Geographic statistical data, such as economic and population related statistics, is collected into databases on national and regional levels by governmental and other agencies. The public availability of these statistics is appealing for the development of machine learning models, for instance, to predict how housing prices will evolve in the future.
A key part of any machine learning project is visualizing the input data. Google Maps is a natural tool to visualize statistics with a geographic aspect because a vast majority of people have a pre-existing familiarity with the platform. Why Google Maps you might ask and not some alternative service or library. I admit that this approach is probably overkill for static data plotting, i.e., if your intention is to create a map for a written report. However, using Google Maps for data visualization really excels if you want to create an interactive website, or even a fully fledged web app, and share it with others.

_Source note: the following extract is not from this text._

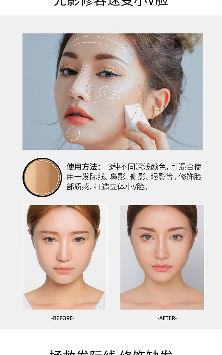 李佳琦推荐三色修容粉阴影鼻高光两用一体盘瘦脸发际线粉平价学生

Let me start this post by showcasing the final map that we will build towards in this post. I’ve also included a short YouTube video below because screenshots don’t do interactive websites justice, as you might well imagine. You can find the code described in this post in full on GitHub in case you want jump right into the details and reproduce a working copy of the map. In the sections below, I will go through the main steps of the map creation process in more detail.
Table of Contents
- Prelude: the Google Maps JavaScript API
- Obtaining and processing geographic data prior to visualization
- Creating a custom Google Maps based map
- 1. Restyling Google Maps
- 2. Creating a Data Layer object and accessing its properties
- 2. Button for switching between visualizations
- 3. Info window
- 4. Legend
- Final ingredient: Embedding JS in a HTML file
Prelude: the Google Maps JavaScript API
While parts of the Google Maps Services are accessible natively through a Python client, building custom Google Maps or building apps on top of such maps is possible only through the JavaScript (JS) API. The documentation provides plenty of examples to familiarize you with the different functionalities of the API. No prior knowledge of JS is required.
Before you can get started on building your own Google Maps based maps, you need to obtain an API key by registering an account/project on the Google Cloud platform. Registration is free, although a credit card is required, as is using the actual Google Maps platform up to a 200 $ monthly credit limit. The free quota should be more than sufficient for small personal projects: I used about a dollars worth of quota while creating and testing the map described in this post. Actual quota usage depends on the number of calls to different components of the JS API, which can be monitored in real time via an online console. Pricing information for larger projects is available here if your interested.
Obtaining and processing geographic data prior to visualization
As mentioned in the introduction, I will be considering two different statistics in this post: the population density (in inhabitants/km², data from 2018) and the median household income relative to the national average (in €, data from 2015). The statistics will be visualized in geographic areas defined by Finnish postal code areas. The relevant raw data was downloaded from a public database hosted by Statistics Finland, the national statistical institution of Finland that collects, maintains and publishes roughly 160 sets of different statistics. The data used in this post was accessed through the Paavo — Open data by postal code area service, licensed under CC BY 4.0.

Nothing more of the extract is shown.